Monégasqueries à l'usage des masses

Publié le par Patrick Germain

Je prends la plume - le clavier, si tu veux - et me voila parti pour écrire une nouvelle qu'elle est belle, destinée à une prochaine parution lorsque, soudain, ma station de radio préférée (Radio 21 - un truc de vieux schnocks, sans doute, mais qui passe de la vraie musique à l'attention des plus de 13 ans...) se fait l'écho des ultimes tribulations de Johnny-le-Belge.

Outre l'inévitable communautarisation du dossier, dans ce pays ou l'on a visiblement oublié de torcher tous les trous-du-cul, il y a quand-même un truc qui me fait bondir dans cette histoire.

C'est qu'elle est révélatrice.

Révélatrice de l'état d'esprit de certains artistes et sportifs "de haut niveau", qui ont par trop tendance à oublier qui les a faits rois et reines.

Révélatrice de l'état d'esprit des peuples, tout prêts à se faire cracher dans la gueule quand la glaire est signée par un drogué en short, une poussière d'étoile.

Toujours prêt à flinguer les patrons qui se barrent en Ouastachie Est-Orientale avec leurs salaires de misère et leurs entreprises, pour autant qu'il y ait des moutons à tondre et du bénéfice à engranger pour des feignasses, le Belge moyen, à l'instar de tant d'autres, a des faiblesses pour ceux qui le font rêver.

Quant à savoir à quoi, et comment, ils le font "rêver", c'est une autre paire de manches.

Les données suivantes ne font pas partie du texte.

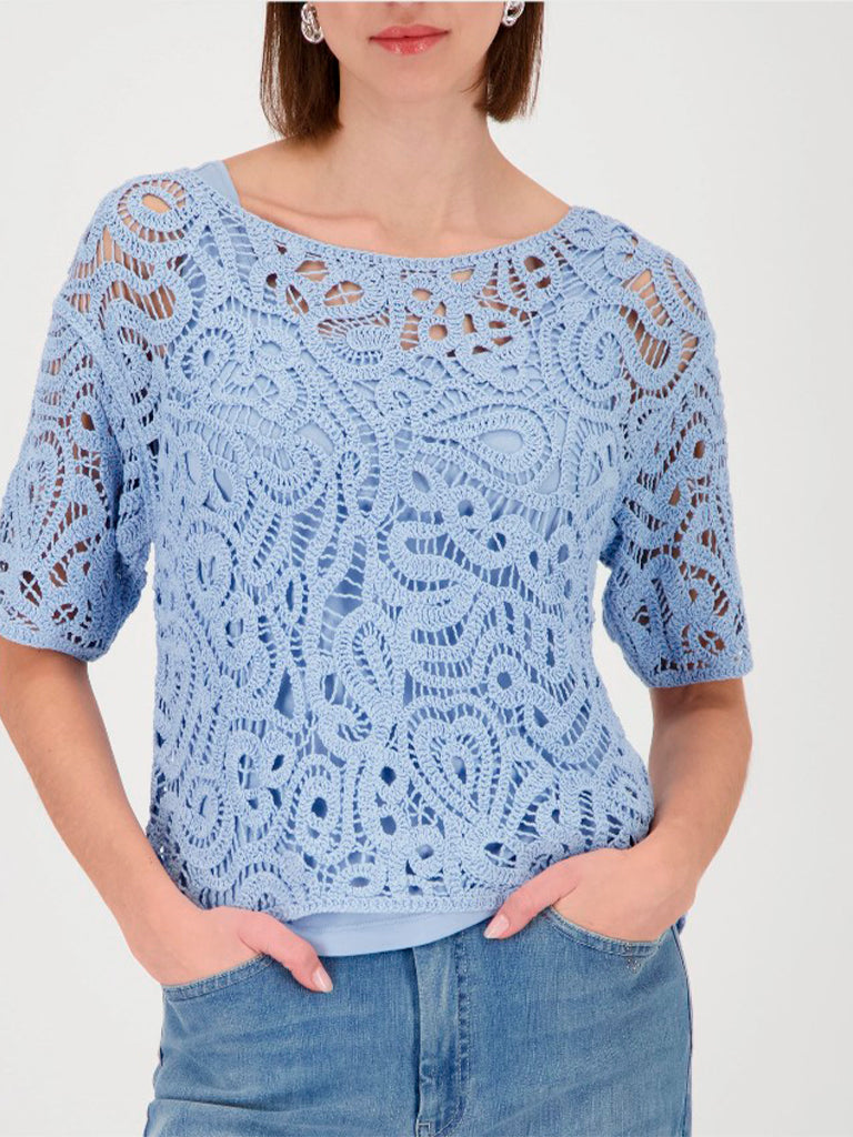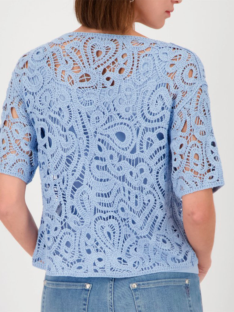 Jersey de crochet con manga a codo y escote barco. Diseño calado, ligero y fresco, ideal para llevar con una camiseta básica debajo. Aporta textura y un punto artesanal a cualquier look.

Après tout, la merde fait bien rêver le jardinier.

Apprendre que des veaux se mettent à brailler au moindre caca nerveux de Justine-la-Monégasque et de ses pairs possède un talent fou pour me mettre en pétard. Et j'exècre les effusions noir-jaune-rouge de circonstance, grands messes pour lobotomisés médiatiquement défoncés à la connerie.

"Maintenez-les dans l'ignorance, nous les maintiendrons dans la misère", disait un fin-de-race au curé de sa paroisse, jadis. Rien n'a changé, sur le fond.

Vous allez dire que ce n'est pas une découverte. Certes. Mais ça fait du bien de le rappeler de temps en temps.

Faute de quoi, partis comme on est, les brins-de-zingue qui affirment que le monde a été créé le 23 octobre 4004 avant l'ère chrétienne risquent fort de faire de émules (du pape), sous les acclamations du bon peuple rassemblé à l'ombre tutélaire des "vraies valeurs".